• Required work
Please give back only the lines below from the one containing "THÔNG SỐ KỸ" to the one containing "Disney Emoji - Sis", each repeated word for word, both ends included.

• Entries shown
.....
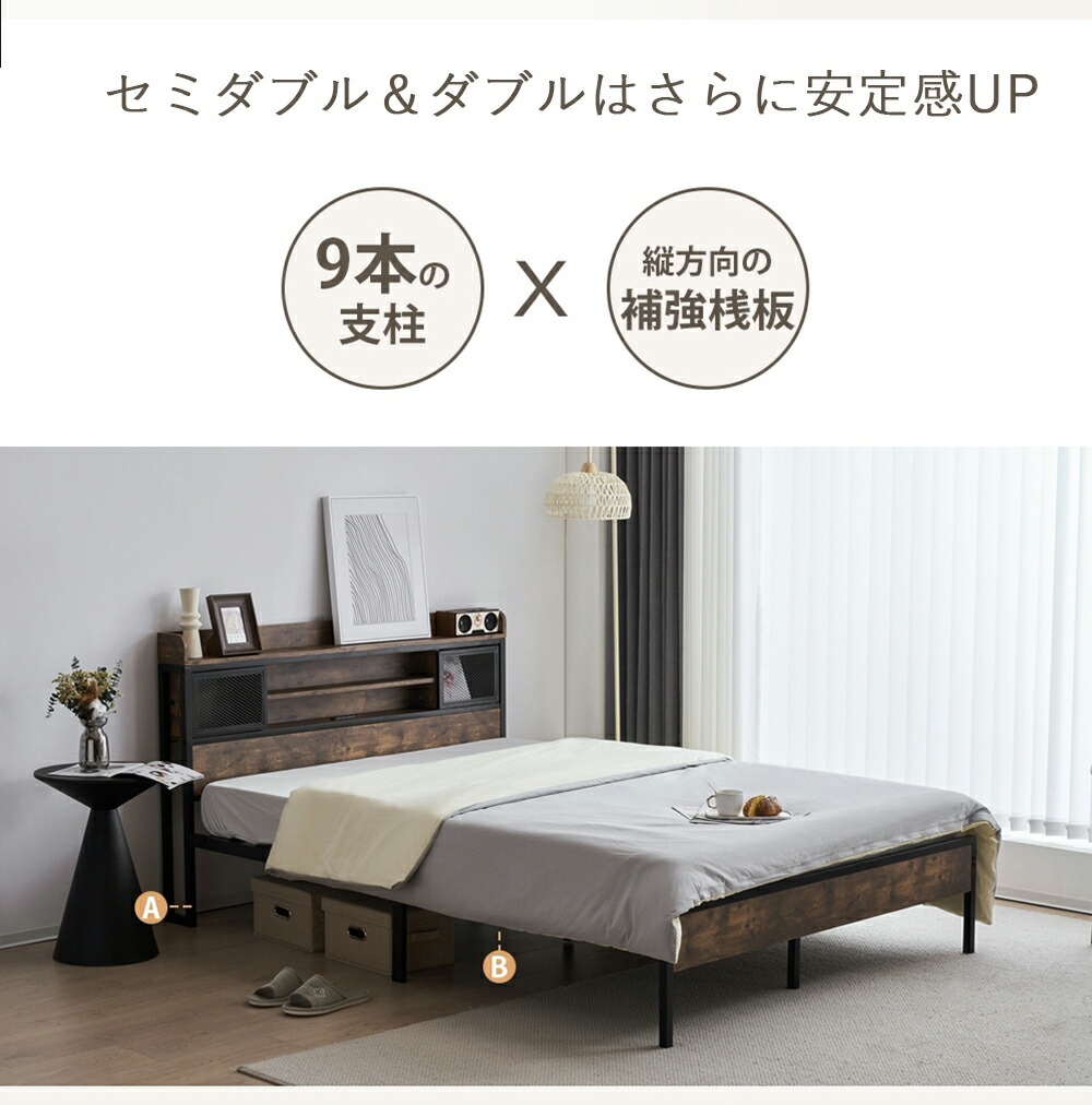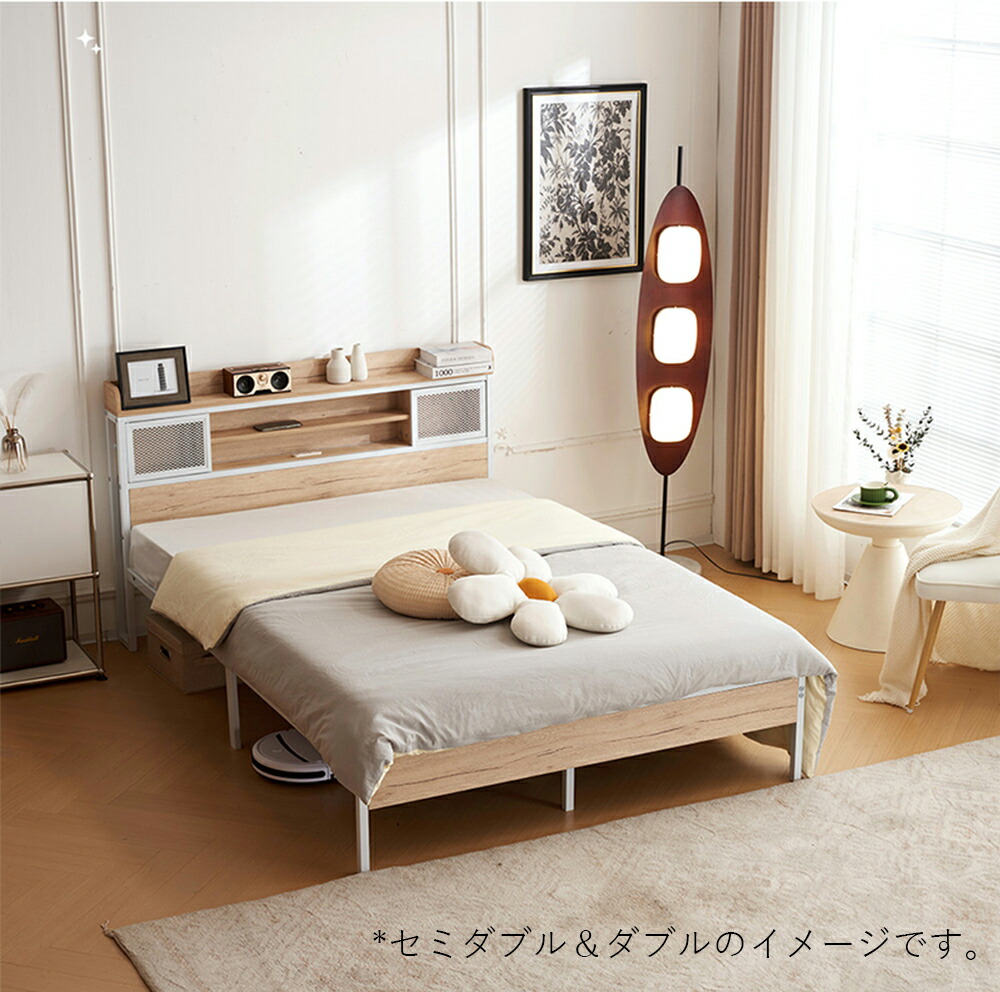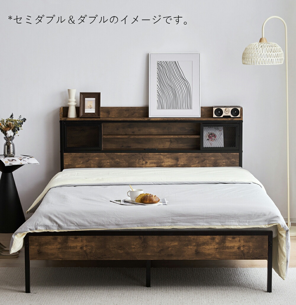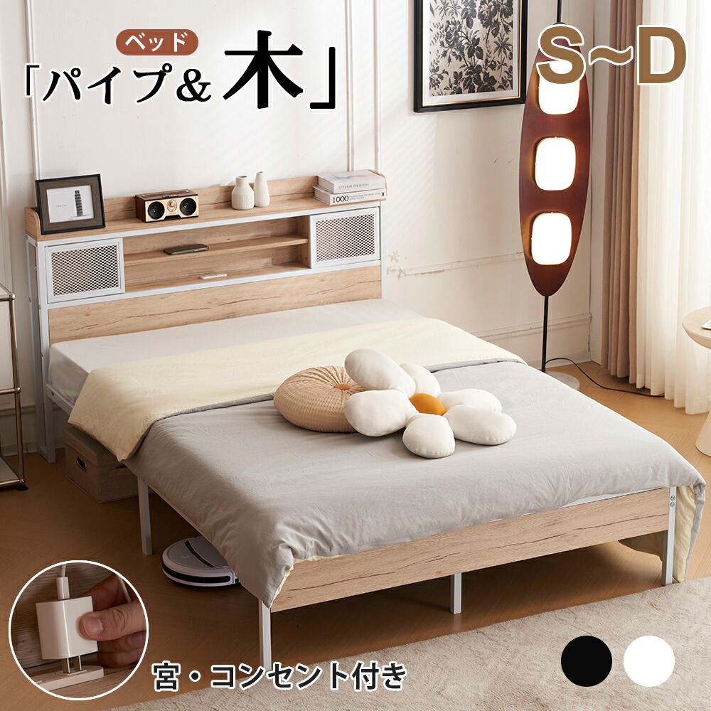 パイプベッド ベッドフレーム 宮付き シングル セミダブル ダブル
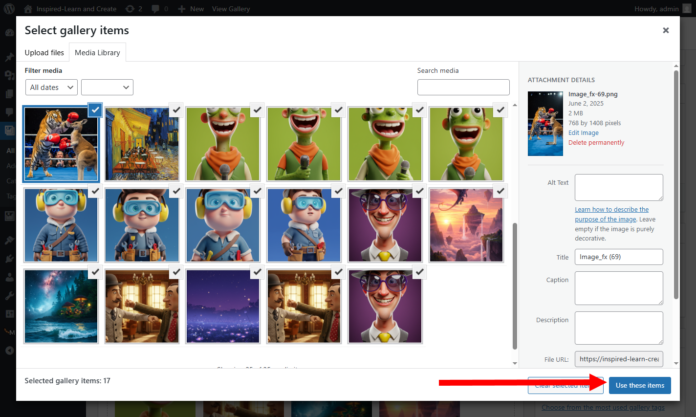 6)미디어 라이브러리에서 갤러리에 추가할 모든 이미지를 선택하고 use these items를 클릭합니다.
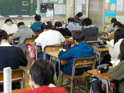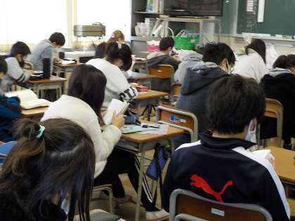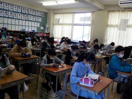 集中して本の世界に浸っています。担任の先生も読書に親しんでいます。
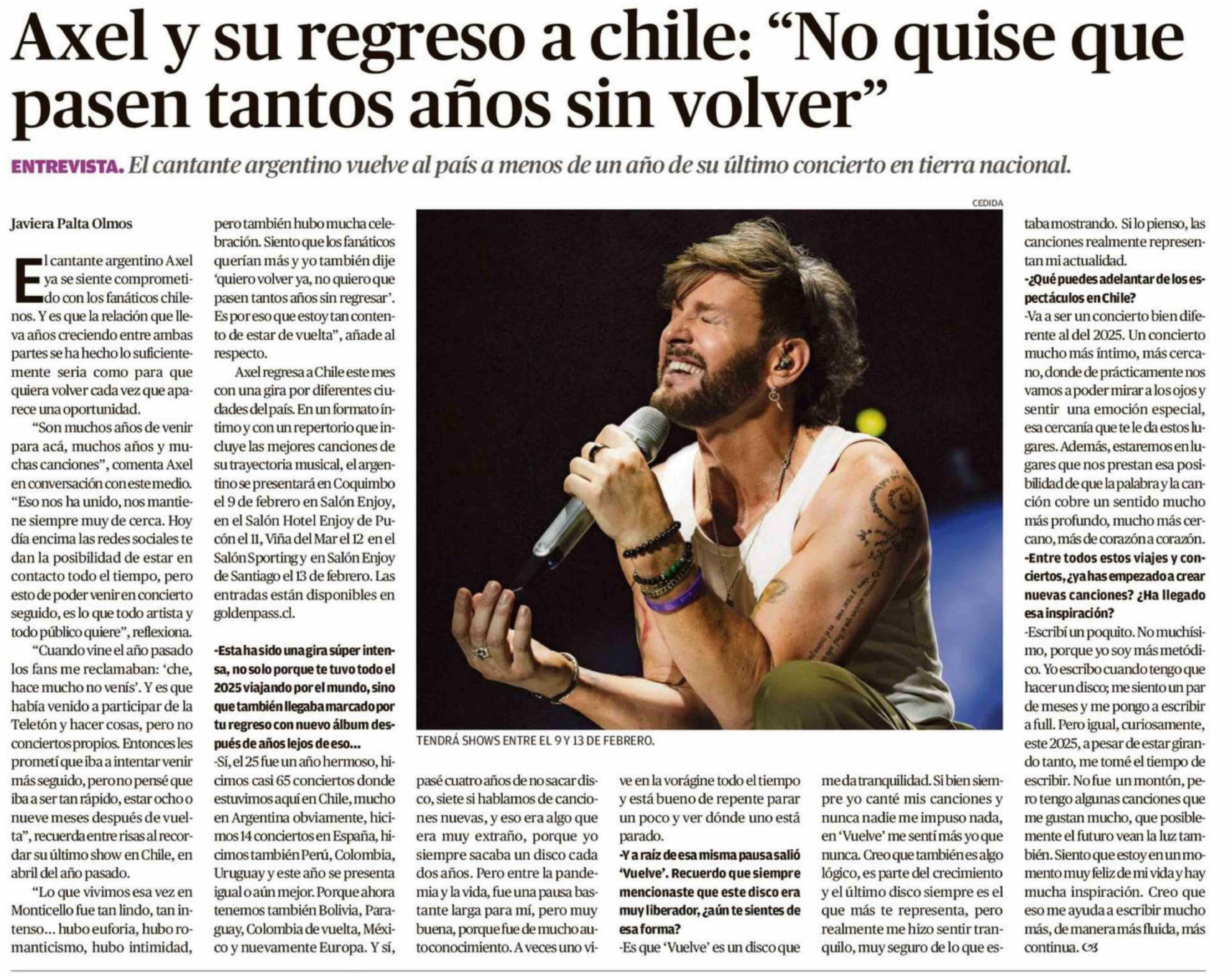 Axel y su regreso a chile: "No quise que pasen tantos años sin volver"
.....
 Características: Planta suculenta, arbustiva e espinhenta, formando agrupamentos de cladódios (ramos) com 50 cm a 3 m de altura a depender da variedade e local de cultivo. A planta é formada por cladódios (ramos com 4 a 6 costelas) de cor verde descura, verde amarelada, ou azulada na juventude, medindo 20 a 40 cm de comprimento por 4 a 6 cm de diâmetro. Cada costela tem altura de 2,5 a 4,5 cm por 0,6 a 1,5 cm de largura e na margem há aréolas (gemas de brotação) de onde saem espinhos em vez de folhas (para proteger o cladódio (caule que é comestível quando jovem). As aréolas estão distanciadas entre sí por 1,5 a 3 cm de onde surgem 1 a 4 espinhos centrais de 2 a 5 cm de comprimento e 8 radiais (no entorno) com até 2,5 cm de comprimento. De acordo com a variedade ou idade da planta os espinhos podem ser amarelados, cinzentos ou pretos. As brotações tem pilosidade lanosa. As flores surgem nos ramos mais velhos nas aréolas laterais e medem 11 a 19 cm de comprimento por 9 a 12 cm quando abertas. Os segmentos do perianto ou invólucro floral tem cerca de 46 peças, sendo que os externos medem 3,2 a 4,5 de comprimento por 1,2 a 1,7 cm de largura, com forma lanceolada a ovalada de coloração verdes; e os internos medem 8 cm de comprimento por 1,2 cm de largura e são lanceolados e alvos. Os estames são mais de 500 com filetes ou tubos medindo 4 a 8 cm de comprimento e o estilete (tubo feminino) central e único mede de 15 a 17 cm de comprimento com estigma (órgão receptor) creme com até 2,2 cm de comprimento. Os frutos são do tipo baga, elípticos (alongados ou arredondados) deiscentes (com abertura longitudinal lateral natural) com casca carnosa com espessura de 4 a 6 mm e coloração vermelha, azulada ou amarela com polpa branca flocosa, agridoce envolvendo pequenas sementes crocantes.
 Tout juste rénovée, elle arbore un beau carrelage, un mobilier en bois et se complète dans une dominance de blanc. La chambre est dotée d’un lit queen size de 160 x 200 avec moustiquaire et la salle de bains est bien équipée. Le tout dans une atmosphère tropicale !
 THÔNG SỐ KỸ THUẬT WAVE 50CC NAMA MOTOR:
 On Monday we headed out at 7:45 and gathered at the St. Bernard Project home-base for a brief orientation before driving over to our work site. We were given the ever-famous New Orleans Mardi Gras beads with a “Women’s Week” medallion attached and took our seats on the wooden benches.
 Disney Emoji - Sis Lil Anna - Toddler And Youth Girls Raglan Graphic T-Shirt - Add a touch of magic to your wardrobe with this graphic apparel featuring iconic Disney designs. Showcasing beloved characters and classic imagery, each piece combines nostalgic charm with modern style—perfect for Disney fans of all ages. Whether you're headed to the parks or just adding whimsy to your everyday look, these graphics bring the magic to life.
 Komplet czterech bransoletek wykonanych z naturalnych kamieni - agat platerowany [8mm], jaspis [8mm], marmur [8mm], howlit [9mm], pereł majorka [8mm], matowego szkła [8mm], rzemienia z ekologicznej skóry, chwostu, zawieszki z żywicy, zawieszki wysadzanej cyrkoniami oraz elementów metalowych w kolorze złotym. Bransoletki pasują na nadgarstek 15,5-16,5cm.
.....
• Completed task
 THÔNG SỐ KỸ THUẬT WAVE 50CC NAMA MOTOR:
 On Monday we headed out at 7:45 and gathered at the St. Bernard Project home-base for a brief orientation before driving over to our work site. We were given the ever-famous New Orleans Mardi Gras beads with a “Women’s Week” medallion attached and took our seats on the wooden benches.
 Disney Emoji - Sis Lil Anna - Toddler And Youth Girls Raglan Graphic T-Shirt - Add a touch of magic to your wardrobe with this graphic apparel featuring iconic Disney designs. Showcasing beloved characters and classic imagery, each piece combines nostalgic charm with modern style—perfect for Disney fans of all ages. Whether you're headed to the parks or just adding whimsy to your everyday look, these graphics bring the magic to life.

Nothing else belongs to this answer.